Ni golpe ni autogolpe
Para los golpistas algunos golpes de Estado son buenos y otros son condenables, según sus intereses personales y sus ambiciones de poder. Hugo Chávez no sólo encabezó un golpe de Estado fallido el 4 de febrero de 1992, sino que además ha convertido ese día en un fecha patria para sus partidarios, mientras movió cielo y tierra para impugnar el golpe de los militares de Honduras, quienes afirmaban haber actuado obedeciendo una orden de la Corte Suprema de Justicia para defender la Constitución de ese país, para cuya jefatura del Estado fue electo por el Congreso el Presidente de ese Poder Legislativo, tal como lo establece la propia Constitución hondureña.
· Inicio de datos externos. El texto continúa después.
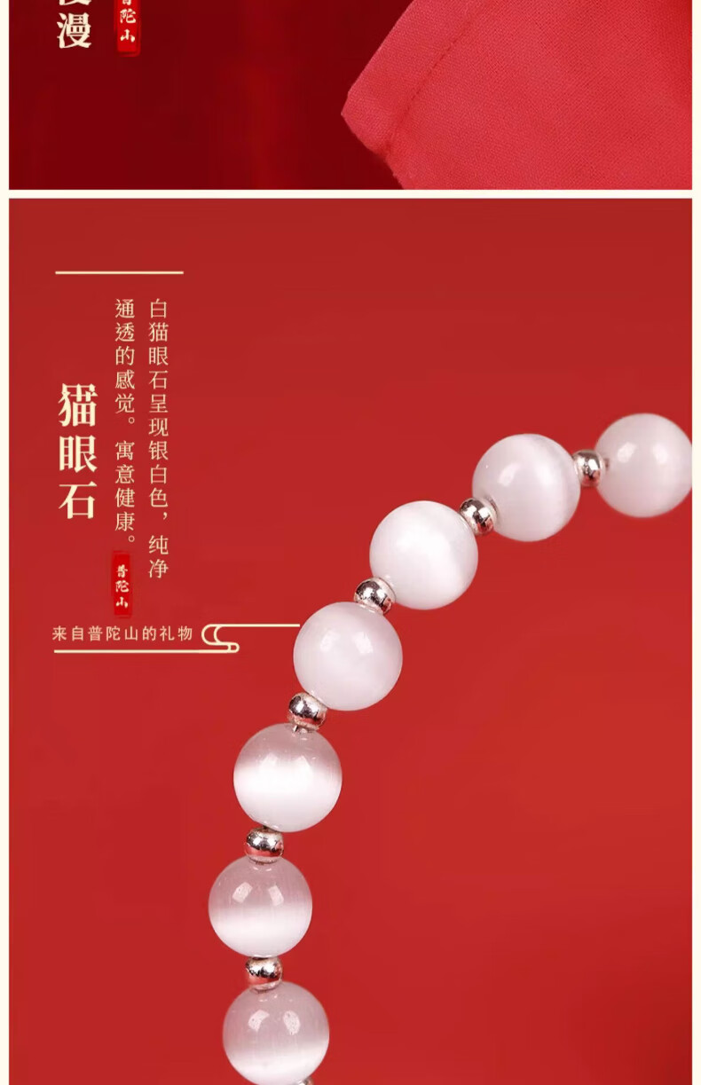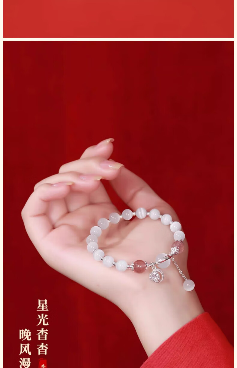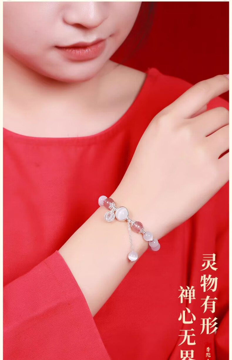 BOSFRU cat's eye stone bracelet for girls, white cat's eye bracelet, strawberry crystal crystal jewelry, gift for girlfriend and mother, accessories, white cat's eye stone bracelet

El cinismo del Comandante Chávez con relación a los golpes de Estado ya es conocido en nuestro país, en el que acusa a todos sus adversarios de enemigos golpistas, mientras su gobierno ejecuta un autogolpe cada vez que viola la Constitución Bolivariana, porque ya no le sirve para sus planes autoritarios. Su llamado a derrocar al nuevo gobierno de Honduras no fue precisamente porque era producto de un golpe de Estado, sino porque su pupilo Manuel Zelaya no pudo imponer la convocatoria ilegal de una Constituyente para hacerse reelegir Presidente, siguiendo sus recomendaciones apoyadas con petrodólares. El fracaso de Zelaya como el de Muamar Gadafi, quien llegó al poder mediante un golpe de Estado, han sido reveses peligrosísimos para la política de Hugo Chávez, de extender su socialismo estalinista a pequeños y pobres países del subcontinente latinoamericano, cuyos pueblos resultan manipulables con ayudas miserables que no les permiten superar la pobreza, sino ser nuevos esclavos de la nueva oligarquía que forman los nuevos ricos, embriagados de poder y de dinero mal habido. Así como para aliarse con los tiranos más brutales y asesinos del mundo.
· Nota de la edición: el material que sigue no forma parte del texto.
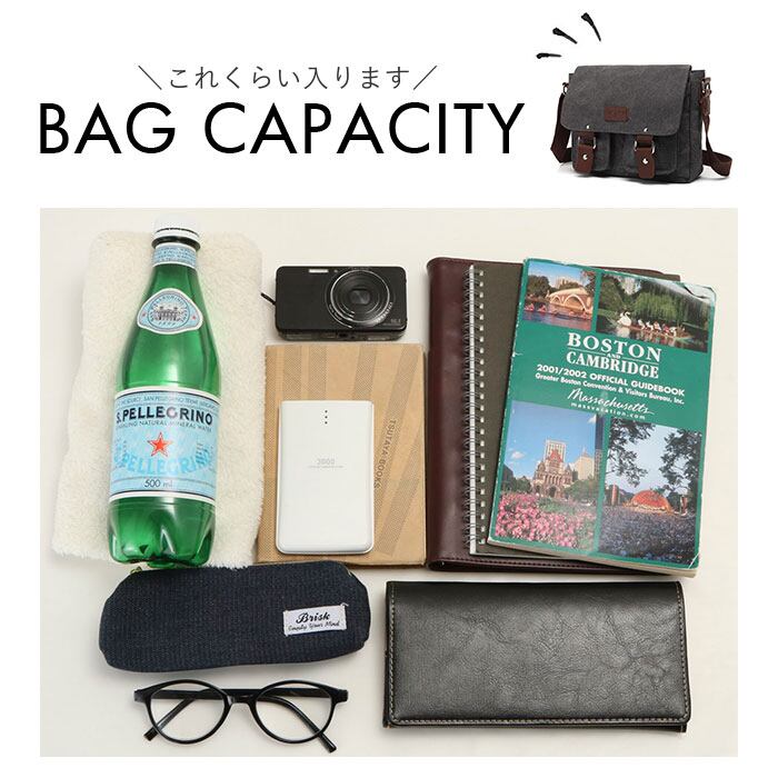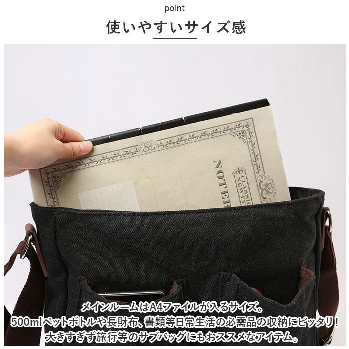 500mlペットボトルや長財布、書類等日常生活の必需品の収納にピッタリ!大きすぎず旅行等のサブバッグにもおススメなアイテム。

Sin embargo, los demócratas reafirmamos nuestras convicciones de lucha por la libertad, el bienestar y la paz de nuestras naciones. Es posible ue algunos lectores pudieran pensar que es un exabrupto que en la Venezuela de hoy se pueda llamar a establecer un diálogo civilizado, en medio de una crispación política provocada fundamentalmente por el discurso agresivo y procaz del Presidente de la República. Sin embargo, la experiencia política mundial e incluso nacional indica que la democracia, no obstante ser el mejor sistema de relaciones creado por el ser humano para convivir en sociedad, pasa por momentos críticos, conflictivos que la colocan borde del abismo, el camino que ha encontrado hacia el progreso y la libertad ha sido rescatar el entendimiento pacífico. El espejo de la primera y segunda guerras mundiales y de nuestras matanzas fraticidas en el siglo XIX serían suficientes para ilustrar a los más obcecados partidarios de la violencia de las consecuencias de su brutalidad. Y al contrario también tenemos la reciente lección que ha dado el exitoso movimiento estudiantil con sus luchas por la defensa de la libertad de expresión, enarbolando las banderas de la paz, los partidos políticos y diversos sectores de la sociedad civil, por la unidad nacional. De allí que la conclusión lógica y racional es que la solución de la presente crisis política se alcanzará mediante la lucha democrática, no mediante el golpe de algunos representantes de la extrema derecha, ni de Hugo Chávez quien trataría de profundizar su tendencia totalitaria.
La consolidación de la democracia en Venezuela requiere desterrar de la mente de los venezolanos la menor intención o idea de golpe o autogolpe militar o cívico militar, para resolver los graves problemas económicos y sociales que confronta nuestra sociedad. La experiencia no sólo de nuestra pequeña historia, si la contamos a partir de la independencia y constitución como república, o de nuestra larga existencia si nos referimos a la época precolombina y posterior presencia u ocupación del territorio por los españoles con todas sus instituciones –políticas, sociales y económicas- del momento y su prolongado mestizaje con indígenas y africanos, nos enseña que 1a violencia únicamente han servido para destruir la economía creada por nuestros antepasados, profundizar la desigualdad social y hacer más incierto el futuro de libertad, progreso, desarrollo y bienestar de la población.